Work instruction » Set down all of the records exactly.

Records from a data collection »
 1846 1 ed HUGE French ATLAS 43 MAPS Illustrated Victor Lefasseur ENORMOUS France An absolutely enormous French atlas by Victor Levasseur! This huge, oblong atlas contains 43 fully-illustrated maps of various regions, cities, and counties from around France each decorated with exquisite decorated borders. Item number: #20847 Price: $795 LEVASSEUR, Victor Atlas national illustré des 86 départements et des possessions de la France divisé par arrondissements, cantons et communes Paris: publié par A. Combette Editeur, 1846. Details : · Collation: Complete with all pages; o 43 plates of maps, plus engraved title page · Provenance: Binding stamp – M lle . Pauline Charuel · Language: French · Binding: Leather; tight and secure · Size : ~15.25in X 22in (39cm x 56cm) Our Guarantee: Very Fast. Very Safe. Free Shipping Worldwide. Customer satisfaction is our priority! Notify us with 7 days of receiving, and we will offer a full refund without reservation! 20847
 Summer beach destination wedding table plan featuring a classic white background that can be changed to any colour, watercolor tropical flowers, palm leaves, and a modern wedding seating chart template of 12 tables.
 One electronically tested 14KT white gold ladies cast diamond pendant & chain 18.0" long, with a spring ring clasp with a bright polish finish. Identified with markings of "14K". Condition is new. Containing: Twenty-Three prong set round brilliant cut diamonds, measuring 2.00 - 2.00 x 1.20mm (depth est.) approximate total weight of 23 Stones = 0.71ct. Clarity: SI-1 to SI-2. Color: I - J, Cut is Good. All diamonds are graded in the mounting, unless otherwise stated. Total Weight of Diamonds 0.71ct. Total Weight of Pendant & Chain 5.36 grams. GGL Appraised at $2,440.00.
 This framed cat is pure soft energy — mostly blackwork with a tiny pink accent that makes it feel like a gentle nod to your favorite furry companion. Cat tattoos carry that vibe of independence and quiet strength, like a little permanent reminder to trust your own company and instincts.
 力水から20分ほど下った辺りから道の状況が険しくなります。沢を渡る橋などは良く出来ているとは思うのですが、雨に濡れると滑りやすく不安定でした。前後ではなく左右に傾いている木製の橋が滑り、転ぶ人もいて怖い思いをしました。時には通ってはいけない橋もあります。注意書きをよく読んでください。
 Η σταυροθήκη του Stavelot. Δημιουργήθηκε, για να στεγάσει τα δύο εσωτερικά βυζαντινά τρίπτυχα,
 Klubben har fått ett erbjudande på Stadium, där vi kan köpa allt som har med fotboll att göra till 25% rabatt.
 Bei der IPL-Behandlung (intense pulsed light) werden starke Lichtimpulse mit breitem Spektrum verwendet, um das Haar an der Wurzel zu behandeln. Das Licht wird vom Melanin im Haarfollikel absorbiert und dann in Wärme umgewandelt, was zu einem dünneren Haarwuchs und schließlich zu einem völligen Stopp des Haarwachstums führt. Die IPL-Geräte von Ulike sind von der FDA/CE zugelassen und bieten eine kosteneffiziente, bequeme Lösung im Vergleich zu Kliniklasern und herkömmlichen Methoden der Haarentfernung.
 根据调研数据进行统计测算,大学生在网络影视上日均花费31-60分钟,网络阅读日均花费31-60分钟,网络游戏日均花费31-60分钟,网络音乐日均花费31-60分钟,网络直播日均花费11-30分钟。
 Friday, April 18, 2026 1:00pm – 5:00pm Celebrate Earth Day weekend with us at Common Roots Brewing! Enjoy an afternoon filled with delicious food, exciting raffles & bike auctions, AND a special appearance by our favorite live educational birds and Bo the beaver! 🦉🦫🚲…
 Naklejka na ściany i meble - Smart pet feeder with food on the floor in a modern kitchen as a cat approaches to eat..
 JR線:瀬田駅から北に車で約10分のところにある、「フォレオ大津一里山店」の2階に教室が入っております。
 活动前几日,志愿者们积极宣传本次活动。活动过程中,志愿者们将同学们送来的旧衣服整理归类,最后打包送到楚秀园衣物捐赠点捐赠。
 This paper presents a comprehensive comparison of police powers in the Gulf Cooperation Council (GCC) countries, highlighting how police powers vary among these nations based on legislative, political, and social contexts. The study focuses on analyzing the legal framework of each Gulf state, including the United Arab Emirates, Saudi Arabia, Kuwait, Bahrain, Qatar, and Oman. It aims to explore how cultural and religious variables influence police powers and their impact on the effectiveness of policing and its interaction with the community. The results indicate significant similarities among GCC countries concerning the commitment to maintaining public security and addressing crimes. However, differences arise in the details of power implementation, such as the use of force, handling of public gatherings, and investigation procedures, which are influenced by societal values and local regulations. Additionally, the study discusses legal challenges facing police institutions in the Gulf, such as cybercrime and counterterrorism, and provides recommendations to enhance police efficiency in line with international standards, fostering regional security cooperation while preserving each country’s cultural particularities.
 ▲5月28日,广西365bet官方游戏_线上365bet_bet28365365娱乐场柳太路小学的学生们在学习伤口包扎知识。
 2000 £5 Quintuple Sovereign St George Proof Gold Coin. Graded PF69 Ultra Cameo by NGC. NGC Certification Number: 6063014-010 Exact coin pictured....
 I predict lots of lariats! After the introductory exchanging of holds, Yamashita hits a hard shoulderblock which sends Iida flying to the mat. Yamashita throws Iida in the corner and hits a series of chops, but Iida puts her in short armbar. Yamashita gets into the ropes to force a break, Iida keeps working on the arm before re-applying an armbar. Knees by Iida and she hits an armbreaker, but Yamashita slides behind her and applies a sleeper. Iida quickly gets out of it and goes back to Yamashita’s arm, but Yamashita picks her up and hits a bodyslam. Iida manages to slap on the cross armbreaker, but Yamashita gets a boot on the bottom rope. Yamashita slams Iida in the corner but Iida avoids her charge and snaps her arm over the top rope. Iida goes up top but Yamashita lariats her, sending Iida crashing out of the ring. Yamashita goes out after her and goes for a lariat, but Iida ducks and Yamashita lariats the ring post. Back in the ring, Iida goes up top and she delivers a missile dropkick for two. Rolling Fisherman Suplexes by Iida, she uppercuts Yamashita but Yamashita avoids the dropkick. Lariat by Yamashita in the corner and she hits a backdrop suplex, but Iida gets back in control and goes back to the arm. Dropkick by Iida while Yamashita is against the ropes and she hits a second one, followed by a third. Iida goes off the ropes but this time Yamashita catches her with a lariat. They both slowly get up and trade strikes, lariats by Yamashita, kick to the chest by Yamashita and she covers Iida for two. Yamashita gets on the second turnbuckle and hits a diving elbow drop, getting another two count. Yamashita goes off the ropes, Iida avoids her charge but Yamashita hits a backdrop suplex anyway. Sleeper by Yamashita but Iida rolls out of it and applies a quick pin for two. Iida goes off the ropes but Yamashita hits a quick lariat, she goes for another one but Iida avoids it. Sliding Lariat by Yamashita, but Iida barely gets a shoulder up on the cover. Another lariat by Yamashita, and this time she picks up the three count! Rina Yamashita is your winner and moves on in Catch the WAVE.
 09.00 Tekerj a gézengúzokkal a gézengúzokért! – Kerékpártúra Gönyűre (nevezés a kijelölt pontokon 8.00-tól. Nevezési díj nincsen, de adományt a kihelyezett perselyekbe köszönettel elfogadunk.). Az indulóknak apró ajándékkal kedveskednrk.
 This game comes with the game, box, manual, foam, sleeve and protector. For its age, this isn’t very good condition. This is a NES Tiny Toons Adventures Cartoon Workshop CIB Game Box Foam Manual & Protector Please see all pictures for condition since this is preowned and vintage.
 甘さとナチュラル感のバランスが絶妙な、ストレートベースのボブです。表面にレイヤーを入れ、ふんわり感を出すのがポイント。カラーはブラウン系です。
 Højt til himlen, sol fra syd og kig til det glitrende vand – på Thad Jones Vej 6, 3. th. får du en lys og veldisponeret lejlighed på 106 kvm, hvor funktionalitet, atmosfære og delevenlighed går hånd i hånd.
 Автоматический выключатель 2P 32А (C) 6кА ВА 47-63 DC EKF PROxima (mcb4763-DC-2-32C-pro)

Result of this exercise »
 1846 1 ed HUGE French ATLAS 43 MAPS Illustrated Victor Lefasseur ENORMOUS France An absolutely enormous French atlas by Victor Levasseur! This huge, oblong atlas contains 43 fully-illustrated maps of various regions, cities, and counties from around France each decorated with exquisite decorated borders. Item number: #20847 Price: $795 LEVASSEUR, Victor Atlas national illustré des 86 départements et des possessions de la France divisé par arrondissements, cantons et communes Paris: publié par A. Combette Editeur, 1846. Details : · Collation: Complete with all pages; o 43 plates of maps, plus engraved title page · Provenance: Binding stamp – M lle . Pauline Charuel · Language: French · Binding: Leather; tight and secure · Size : ~15.25in X 22in (39cm x 56cm) Our Guarantee: Very Fast. Very Safe. Free Shipping Worldwide. Customer satisfaction is our priority! Notify us with 7 days of receiving, and we will offer a full refund without reservation! 20847
 Summer beach destination wedding table plan featuring a classic white background that can be changed to any colour, watercolor tropical flowers, palm leaves, and a modern wedding seating chart template of 12 tables.
 One electronically tested 14KT white gold ladies cast diamond pendant & chain 18.0" long, with a spring ring clasp with a bright polish finish. Identified with markings of "14K". Condition is new. Containing: Twenty-Three prong set round brilliant cut diamonds, measuring 2.00 - 2.00 x 1.20mm (depth est.) approximate total weight of 23 Stones = 0.71ct. Clarity: SI-1 to SI-2. Color: I - J, Cut is Good. All diamonds are graded in the mounting, unless otherwise stated. Total Weight of Diamonds 0.71ct. Total Weight of Pendant & Chain 5.36 grams. GGL Appraised at $2,440.00.
 This framed cat is pure soft energy — mostly blackwork with a tiny pink accent that makes it feel like a gentle nod to your favorite furry companion. Cat tattoos carry that vibe of independence and quiet strength, like a little permanent reminder to trust your own company and instincts.
 力水から20分ほど下った辺りから道の状況が険しくなります。沢を渡る橋などは良く出来ているとは思うのですが、雨に濡れると滑りやすく不安定でした。前後ではなく左右に傾いている木製の橋が滑り、転ぶ人もいて怖い思いをしました。時には通ってはいけない橋もあります。注意書きをよく読んでください。
 Η σταυροθήκη του Stavelot. Δημιουργήθηκε, για να στεγάσει τα δύο εσωτερικά βυζαντινά τρίπτυχα,
 Klubben har fått ett erbjudande på Stadium, där vi kan köpa allt som har med fotboll att göra till 25% rabatt.
 Bei der IPL-Behandlung (intense pulsed light) werden starke Lichtimpulse mit breitem Spektrum verwendet, um das Haar an der Wurzel zu behandeln. Das Licht wird vom Melanin im Haarfollikel absorbiert und dann in Wärme umgewandelt, was zu einem dünneren Haarwuchs und schließlich zu einem völligen Stopp des Haarwachstums führt. Die IPL-Geräte von Ulike sind von der FDA/CE zugelassen und bieten eine kosteneffiziente, bequeme Lösung im Vergleich zu Kliniklasern und herkömmlichen Methoden der Haarentfernung.
 根据调研数据进行统计测算,大学生在网络影视上日均花费31-60分钟,网络阅读日均花费31-60分钟,网络游戏日均花费31-60分钟,网络音乐日均花费31-60分钟,网络直播日均花费11-30分钟。
 Friday, April 18, 2026 1:00pm – 5:00pm Celebrate Earth Day weekend with us at Common Roots Brewing! Enjoy an afternoon filled with delicious food, exciting raffles & bike auctions, AND a special appearance by our favorite live educational birds and Bo the beaver! 🦉🦫🚲…
 Naklejka na ściany i meble - Smart pet feeder with food on the floor in a modern kitchen as a cat approaches to eat..
 JR線:瀬田駅から北に車で約10分のところにある、「フォレオ大津一里山店」の2階に教室が入っております。
 活动前几日,志愿者们积极宣传本次活动。活动过程中,志愿者们将同学们送来的旧衣服整理归类,最后打包送到楚秀园衣物捐赠点捐赠。
 This paper presents a comprehensive comparison of police powers in the Gulf Cooperation Council (GCC) countries, highlighting how police powers vary among these nations based on legislative, political, and social contexts. The study focuses on analyzing the legal framework of each Gulf state, including the United Arab Emirates, Saudi Arabia, Kuwait, Bahrain, Qatar, and Oman. It aims to explore how cultural and religious variables influence police powers and their impact on the effectiveness of policing and its interaction with the community. The results indicate significant similarities among GCC countries concerning the commitment to maintaining public security and addressing crimes. However, differences arise in the details of power implementation, such as the use of force, handling of public gatherings, and investigation procedures, which are influenced by societal values and local regulations. Additionally, the study discusses legal challenges facing police institutions in the Gulf, such as cybercrime and counterterrorism, and provides recommendations to enhance police efficiency in line with international standards, fostering regional security cooperation while preserving each country’s cultural particularities.
 ▲5月28日,广西365bet官方游戏_线上365bet_bet28365365娱乐场柳太路小学的学生们在学习伤口包扎知识。
 2000 £5 Quintuple Sovereign St George Proof Gold Coin. Graded PF69 Ultra Cameo by NGC. NGC Certification Number: 6063014-010 Exact coin pictured....
 I predict lots of lariats! After the introductory exchanging of holds, Yamashita hits a hard shoulderblock which sends Iida flying to the mat. Yamashita throws Iida in the corner and hits a series of chops, but Iida puts her in short armbar. Yamashita gets into the ropes to force a break, Iida keeps working on the arm before re-applying an armbar. Knees by Iida and she hits an armbreaker, but Yamashita slides behind her and applies a sleeper. Iida quickly gets out of it and goes back to Yamashita’s arm, but Yamashita picks her up and hits a bodyslam. Iida manages to slap on the cross armbreaker, but Yamashita gets a boot on the bottom rope. Yamashita slams Iida in the corner but Iida avoids her charge and snaps her arm over the top rope. Iida goes up top but Yamashita lariats her, sending Iida crashing out of the ring. Yamashita goes out after her and goes for a lariat, but Iida ducks and Yamashita lariats the ring post. Back in the ring, Iida goes up top and she delivers a missile dropkick for two. Rolling Fisherman Suplexes by Iida, she uppercuts Yamashita but Yamashita avoids the dropkick. Lariat by Yamashita in the corner and she hits a backdrop suplex, but Iida gets back in control and goes back to the arm. Dropkick by Iida while Yamashita is against the ropes and she hits a second one, followed by a third. Iida goes off the ropes but this time Yamashita catches her with a lariat. They both slowly get up and trade strikes, lariats by Yamashita, kick to the chest by Yamashita and she covers Iida for two. Yamashita gets on the second turnbuckle and hits a diving elbow drop, getting another two count. Yamashita goes off the ropes, Iida avoids her charge but Yamashita hits a backdrop suplex anyway. Sleeper by Yamashita but Iida rolls out of it and applies a quick pin for two. Iida goes off the ropes but Yamashita hits a quick lariat, she goes for another one but Iida avoids it. Sliding Lariat by Yamashita, but Iida barely gets a shoulder up on the cover. Another lariat by Yamashita, and this time she picks up the three count! Rina Yamashita is your winner and moves on in Catch the WAVE.
 09.00 Tekerj a gézengúzokkal a gézengúzokért! – Kerékpártúra Gönyűre (nevezés a kijelölt pontokon 8.00-tól. Nevezési díj nincsen, de adományt a kihelyezett perselyekbe köszönettel elfogadunk.). Az indulóknak apró ajándékkal kedveskednrk.
 This game comes with the game, box, manual, foam, sleeve and protector. For its age, this isn’t very good condition. This is a NES Tiny Toons Adventures Cartoon Workshop CIB Game Box Foam Manual & Protector Please see all pictures for condition since this is preowned and vintage.
 甘さとナチュラル感のバランスが絶妙な、ストレートベースのボブです。表面にレイヤーを入れ、ふんわり感を出すのがポイント。カラーはブラウン系です。
 Højt til himlen, sol fra syd og kig til det glitrende vand – på Thad Jones Vej 6, 3. th. får du en lys og veldisponeret lejlighed på 106 kvm, hvor funktionalitet, atmosfære og delevenlighed går hånd i hånd.
 Автоматический выключатель 2P 32А (C) 6кА ВА 47-63 DC EKF PROxima (mcb4763-DC-2-32C-pro)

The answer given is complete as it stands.